Re: [xml] Question about libxml...

Date view Thread view Subject view Author view

From: Wayne Davison (wayned@users.sourceforge.net)
Date: Wed Nov 15 2000 - 16:17:30 EST


On Wed, 15 Nov 2000, Marc Sanfacon wrote:
> I think there should be only 1 html and 1 head tag with the proper ending
> tag.

It might be possible in the internal DOM representation to merge multiple
HTML/HEAD/BODY sections together. The SAX parser wouldn't be able to
reorder its events, though.

Interestingly, I had just seen a similar problem to your example where
someone had actually inserted some tags that must go in the body, prior to
the official <HTML> start (before the HEAD section and everything). I
think that the way to fix this for the SAX handler is to close the current
(perhaps implied) tags and start new ones.
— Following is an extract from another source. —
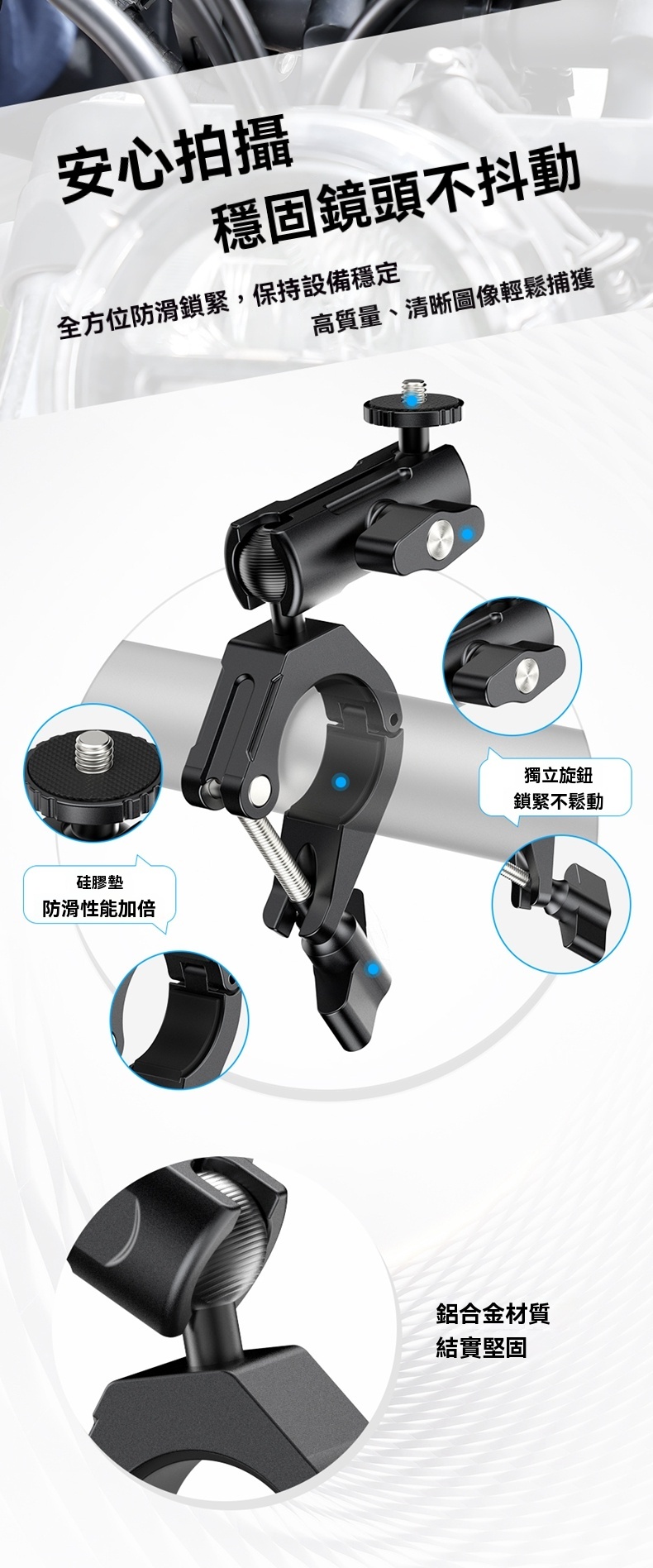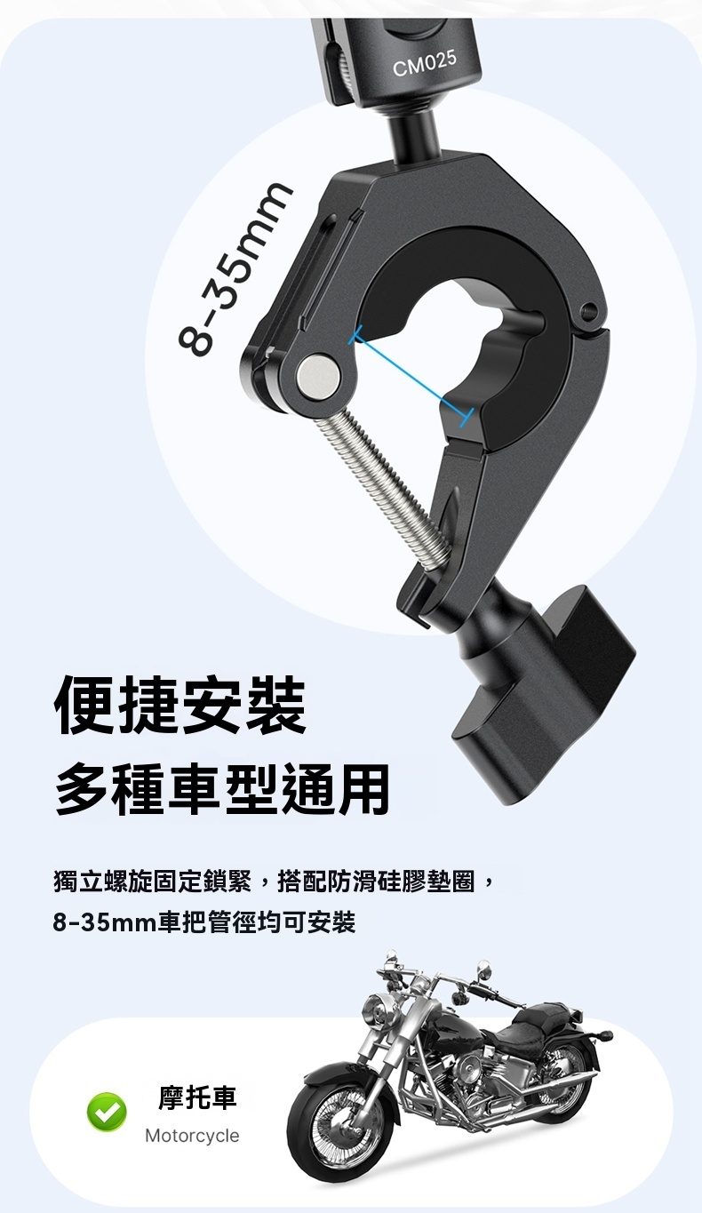 這款Ulanzi CM025自行車/電動車專用運動相機支架,為騎行愛好者帶來穩定且靈活的拍攝體驗。採用高品質鋁合金材質,結構堅固耐用,確保在高速騎行中相機穩如泰山,不會抖動。獨特設計的獨立旋鈕和防滑矽膠墊圈,讓安裝過程變得簡單快捷,適用於8-35mm的車把管徑,相容於多種車型。 支架配備萬向球頭,可實現360°雙向靈活調節,滿足不同角度的拍攝需求,輕鬆捕捉第一人稱視角(POV)或廣闊風景。同時,它還配有GoPro適配器,方便快速安裝各種運動相機,即刻開拍。此外,附帶的備用螺帽和矽膠墊圈,進一步提升使用便利性與穩定性。無論是自行車還是電動車,這款支架都能提供專業級的拍攝體驗,讓您盡情享受騎行與攝影的樂趣。

My suggested fix is attached to
this email.

After my patch, your HTML example would end up looking like this:

<!DOCTYPE HTML PUBLIC "-//W3C//DTD HTML 4.0 Transitional//EN">
<html><head><script language="JavaScript">
<!--
var cobrand_directory = "";
//-->
</script></head></html>
<html>
<head><title>Title</title></head>
<body><p>
This is a test
</p></body>
</html>

While it would be fairly easy in this example to merge the two head
sections together, in the bogus web page I saw the parser was already
inside an implied BODY section and needed to revert to a HEAD section.
Something like this:

<p>this is a test!
<html>
<head>
<title>hi</title>
</head>
<body>
Wow!

After my patch, the SAX elements open and close the HTML+BODY elements
around the misplaced paragraph:

SAX.setDocumentLocator()
SAX.startDocument()
SAX.startElement(html)
SAX.startElement(body)
SAX.startElement(p)
SAX.characters(this is a test!
, 16)
SAX.endElement(p)
SAX.endElement(body)
SAX.endElement(html)
SAX.startElement(html)
SAX.ignorableWhitespace(
, 1)
SAX.startElement(head)
SAX.ignorableWhitespace(
, 1)
SAX.startElement(title)
SAX.characters(hi, 2)
SAX.endElement(title)
SAX.ignorableWhitespace(
, 1)
SAX.endElement(head)
SAX.ignorableWhitespace(
, 1)
SAX.startElement(body)
SAX.startElement(p)
SAX.characters(
Wow!
, 6)
SAX.endElement(p)
SAX.endElement(body)
SAX.endElement(html)
SAX.endDocument()

However, strangely, the DOM version still seems to put the second HTML
section inside the first:

<!DOCTYPE HTML PUBLIC "-//W3C//DTD HTML 4.0 Transitional//EN" "http://www.w3.org/TR/REC-html40/loose.dtd">
<html>
<body><p>this is a test!
</p></body>
<html>
<head><title>hi</title></head>
<body><p>
Wow!
</p></body>
</html>
</html>

I haven't tried to figure out why that is yet.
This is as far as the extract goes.